A côté des déçus, il y a les bons perdants ou les résignés. Ceux qui pensent que si Macron a été élu, autant qu’il ait une majorité pour pouvoir appliquer son programme. « J’ai voté à la présidentielle pour l’un des deux cités, révèle Johanna, – sans pour autant aller jusqu’à dire pour lequel –, car il ou elle proposait un changement radical. Puis Macron a été élu démocratiquement. Je me suis abstenue au premier tour des législatives car il ne faut pas lui faire barrage et lui laisser appliquer son programme, en espérant qu’on ne va pas droit dans le mur. » Une analyse partagée par Kévin, qui estime que « voter aux législatives contre le parti élu à la présidentielle, c’est contre-productif pour le pays ».

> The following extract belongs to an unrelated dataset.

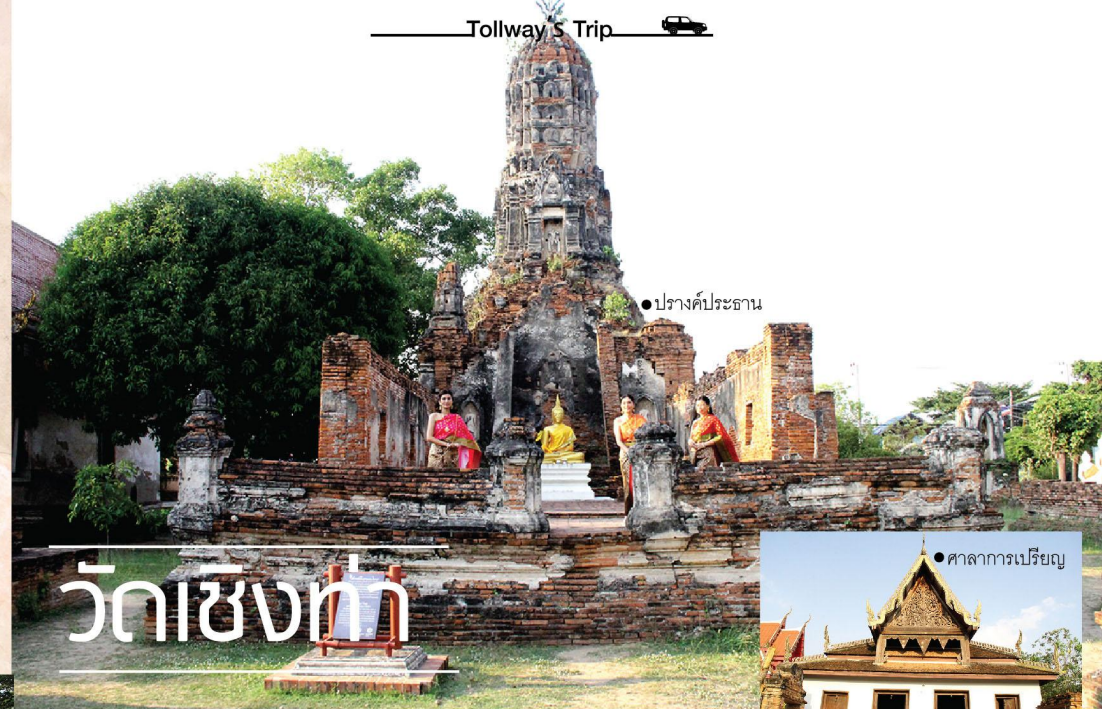
● ปราสาทประธาน

Ça, c’est pour ceux qui raisonnent en termes de politique nationale. Hugues rappelle qu’« il ne faut pas oublier de prendre en compte les problématiques de chaque circonscription. Si les électeurs FN ou La France insoumise estiment que le député de leur camp n’apporte pas de solutions aux problèmes, ils ne voteront pas pour lui. » CQFD. Pample Mousse, lui, aurait bien voté pour La France insoumise comme à la présidentielle, sauf qu’« aucun candidat La France insoumise ne se présentait dans ma circonscription ». Abstentionniste malgré lui, donc.

Introduire de la proportionnelle

Alors que faire pour convaincre les électeurs d’aller voter ? Yoann propose d’organiser les élections en semaine, et non plus le dimanche. « Ce serait un bon moyen de faire de l’éducation civique et populaire au sein des collectivités et des entreprises », estime-t-il. Stephy, lui, ressort le vieux cheval de bataille de Marine Le Pen et de Mélenchon : la proportionnelle. « Je voterai aux législatives, le jour où l’Assemblée nationale sera correctement représentée », vocifère-t-il. Ce débat risque bien de ressurgir au soir du second tour.

* Sondage réalisé en ligne du 7 au 10 juin auprès d’un échantillon de 4 003 personnes inscrites sur les listes électorales, constituant un échantillon national représentatif de la population française âgée de 18 ans et plus, selon la méthode des quotas.